Hunting for stock market bargains in the form of underperforming shares is a key part of my investing strategy. However, I find it’s also worth keeping an eye on the top risers to see why these companies are doing well. Indeed, one FTSE 250 growth stock on my watchlist has enjoyed an exceptional week of gains.
I’m talking about Trainline (LSE: TRN), which is outperforming the index by nearly 50% in 2022. Let’s explore why I think it could be on track for even bigger returns in the years ahead.
Positive guidance
In a trading update released on Wednesday, the digital rail and coach platform announced impressive results for the first four months of FY23. It also boosted its guidance for the remainder of the year across a range of performance metrics. This took the market by storm with the Trainline share price soaring 21% that day.

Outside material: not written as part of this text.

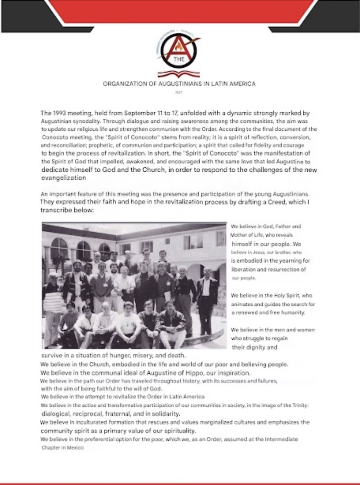 • Dicho documento describe la reunión de 1993 como marcada por la «sinodalidad agustiniana» y afirma que el «Espíritu de Conocoto» fue un espíritu de reflexión, conversión, reconciliación, profecía, comunión y participación.

The pandemic wasn’t easy for the company as passenger numbers plummeted, but it has returned to strength faster than expected. Net ticket sales increased 16% compared to the same period in FY20, before Covid-19 had a material impact on the business.
Turning to the future, Trainline anticipates net ticket sales growth of between 18% to 27% and revenue growth ranging from 22% to 31%. These figures are again measured against FY20, rather than its pandemic slump.
Not only is domestic rail travel rebounding at an impressive rate across Europe, but tourists are also returning strongly, with Americans leading the way.
Jody Ford, Trainline CEO
The group also predicts adjusted EBITDA as a percentage of net ticket sales will be between 1.9% and 2.1%. Impressive stuff, in my view.
Rail strikes
It’s not all rosy for this growth stock, however. Industrial action launched by the National Union of Rail, Maritime and Transport Workers (RMT) caused huge disruption across the UK network last month when 50,000 workers staged a walkout.
Further mass rail strikes later this summer could happen, the union’s general secretary Mick Lynch has said. With no resolution in sight to negotiations with Network Rail and other operators, I’m concerned that Trainline’s upgraded guidance overlooks this challenge and could be too optimistic as a result.
Recent international expansion means the group now covers 80% of Europe’s rail routes. It operates in 45 countries. However, the UK remains its largest market by far. Last year, the company generated 89% of its revenue and 91% of its gross profit in Britain. Accordingly, more domestic strikes could be a particularly acute headwind for the Trainline share price in my view.
Why I’d buy this growth stock
While I’m aware of the risks, I invest with a long-term horizon. Nationwide rail strikes are thankfully rare events — these have been the first since 1995. Although the next few months could be challenging, I don’t think it’s likely to be a permanent state of affairs.
I believe longer-term developments — such as growing environmental consciousness — should drive rail passenger numbers higher. I also view Trainline as being at the forefront of online and mobile ticketing trends across European rail.
Overall, I think this growth stock is well-positioned to capitalise on a huge and growing market. I view it as one of the top stocks on my watchlist currently and I might buy in July.